Chacun sait que les éditeurs sont les piliers de la chaîne du livre, toujours plus dévoués à la cause littéraire, n’hésitant pas à tout sacrifier pour son développement. Tout ! Oui, tout, les auteurs compris.
J’ai toujours du mal à évoquer cette question, craignant que vous, lecteurs, y lisiez de l’aigreur de ma part et du dépit. J’essaie de ne pas être aigrie ni dépitée mais à force d’être maltraitée, ma coupe est de plus en plus pleine. Et j’ai de moins en moins envie de passer sous silence les manières de celles et ceux qui vous font croire que le livre que vous avez entre les mains a été édité au double péril de leur patrimoine et de l’hystérie des auteurs, ces « bad girls and boys » qui, chacun sait, sont caractériels par nature.
Je dis souvent que les éditeurs LGBT, par exemple, ont le mérite d’avoir un catalogue constant… et j’oublie de vous dire que c’est aussi parce que je fais jouer les clauses de mes contrats, lettres recommandées à l’appui, qui imposent des réimpressions sous peine que je récupère mes droits (entendre que le contrat d’édition soit caduc).

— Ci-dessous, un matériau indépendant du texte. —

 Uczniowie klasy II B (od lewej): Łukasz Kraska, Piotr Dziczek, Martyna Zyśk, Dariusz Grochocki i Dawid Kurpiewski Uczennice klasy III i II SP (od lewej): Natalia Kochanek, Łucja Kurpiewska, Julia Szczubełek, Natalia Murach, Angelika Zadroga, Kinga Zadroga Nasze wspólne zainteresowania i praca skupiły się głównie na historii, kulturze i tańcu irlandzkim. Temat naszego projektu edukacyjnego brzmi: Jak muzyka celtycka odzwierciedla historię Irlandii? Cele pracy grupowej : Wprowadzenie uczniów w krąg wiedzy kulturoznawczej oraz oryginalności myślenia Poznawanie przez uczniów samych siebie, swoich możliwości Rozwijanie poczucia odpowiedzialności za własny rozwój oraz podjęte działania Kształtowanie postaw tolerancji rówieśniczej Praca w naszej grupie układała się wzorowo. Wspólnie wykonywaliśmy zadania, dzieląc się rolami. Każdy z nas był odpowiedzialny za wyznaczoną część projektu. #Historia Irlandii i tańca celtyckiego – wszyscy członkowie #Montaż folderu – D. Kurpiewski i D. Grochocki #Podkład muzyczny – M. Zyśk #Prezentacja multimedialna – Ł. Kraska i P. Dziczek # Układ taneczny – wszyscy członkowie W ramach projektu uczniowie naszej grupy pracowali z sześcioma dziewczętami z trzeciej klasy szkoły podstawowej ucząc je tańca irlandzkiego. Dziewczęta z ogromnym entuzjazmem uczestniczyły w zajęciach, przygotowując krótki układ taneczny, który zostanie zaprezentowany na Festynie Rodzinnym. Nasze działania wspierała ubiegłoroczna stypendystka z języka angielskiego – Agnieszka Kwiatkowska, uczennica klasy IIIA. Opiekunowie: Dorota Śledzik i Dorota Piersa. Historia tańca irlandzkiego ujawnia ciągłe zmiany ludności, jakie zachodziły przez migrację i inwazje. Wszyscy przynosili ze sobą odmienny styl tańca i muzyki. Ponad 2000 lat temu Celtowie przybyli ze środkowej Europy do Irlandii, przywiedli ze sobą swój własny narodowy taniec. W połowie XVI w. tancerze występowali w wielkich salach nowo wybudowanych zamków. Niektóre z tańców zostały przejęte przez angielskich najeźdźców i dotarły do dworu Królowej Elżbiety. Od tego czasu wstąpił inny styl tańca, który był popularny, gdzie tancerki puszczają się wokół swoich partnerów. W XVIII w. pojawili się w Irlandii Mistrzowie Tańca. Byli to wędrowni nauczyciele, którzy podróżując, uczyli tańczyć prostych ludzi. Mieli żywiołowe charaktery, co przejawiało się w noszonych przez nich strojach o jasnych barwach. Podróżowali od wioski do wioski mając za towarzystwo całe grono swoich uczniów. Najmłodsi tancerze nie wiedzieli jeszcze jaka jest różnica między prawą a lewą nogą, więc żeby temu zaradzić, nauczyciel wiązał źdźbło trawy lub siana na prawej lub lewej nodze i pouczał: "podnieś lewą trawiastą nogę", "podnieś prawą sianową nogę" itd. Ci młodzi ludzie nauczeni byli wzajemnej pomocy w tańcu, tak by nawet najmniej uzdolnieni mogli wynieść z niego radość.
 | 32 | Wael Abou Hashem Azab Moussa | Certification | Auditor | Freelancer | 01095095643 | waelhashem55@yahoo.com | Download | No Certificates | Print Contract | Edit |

Et pour cette fois, je n’oublierai pas de vous dire que vingt-cinq pages du livre ont sauté (suite à une réduction de la police), pour rendre l’objet plus léger à l’expédition, bien sûr. Mais il va vous falloir de bonnes lunettes pour le lire. Ah ! Le bel objet livre sacrifié sur l’autel de la rentabilité à courte vue. Car ne croyez pas qu’il s’agit là d’une simple mesure de « rationalisation économique » : vous paierez le livre trois euros de plus.
Oui, les maisons d’édition sont des entreprises dont la vocation première est de faire du profit. Cela ne me choque pas ; ce qui me gène, c’est le discours « culturel » « engagé » qui camoufle la logique de profit, un discours si éloigné de pratiques qui font que souvent l’auteur (celui qui écrit le texte, mine de rien) est celui sur lequel on se sert en premier. Un autre de mes éditeurs, par exemple, vient de s’offrir deux mois de trésorerie en reportant l’envoi des droits 2011 à ses auteurs (il en revendique près de deux milles) de début juillet à début septembre… en ne joignant pas de chèque quand ces droits sont inférieurs à 15 euros. La règle est nouvelle, et totalement illégale, suffisamment d’ailleurs pour que je puisse réclamer ce chèque en faisant un courrier : 0,55 euro de frais supplémentaires pour moi (et pour l’éditeur ensuite), sur les 11,35 euros que je dois toucher.
L’éditeur compte sur le fait que je ne réclame pas. Mai je vais évidemment réclamer. Qu’est-ce que j’ai donc à vouloir encaisser mes 11,35 euros ? Pour le principe ? C’est bien la preuve que je suis caractérielle, non ? Autant que n’importe quel travailleur qui veut juste être payé pour son travail, avec un minimum de respect de celui-ci. Juste ça. Est-ce trop demander ? Il semble que oui. Et j’en suis triste, profondément triste. Demain, je serai en colère. C’est ma seule arme contre l’aigreur et le dépit. Hajime !
Note : Merci au site Alu d’avoir relayé mon édito de juin dernier. Cela m’a touchée.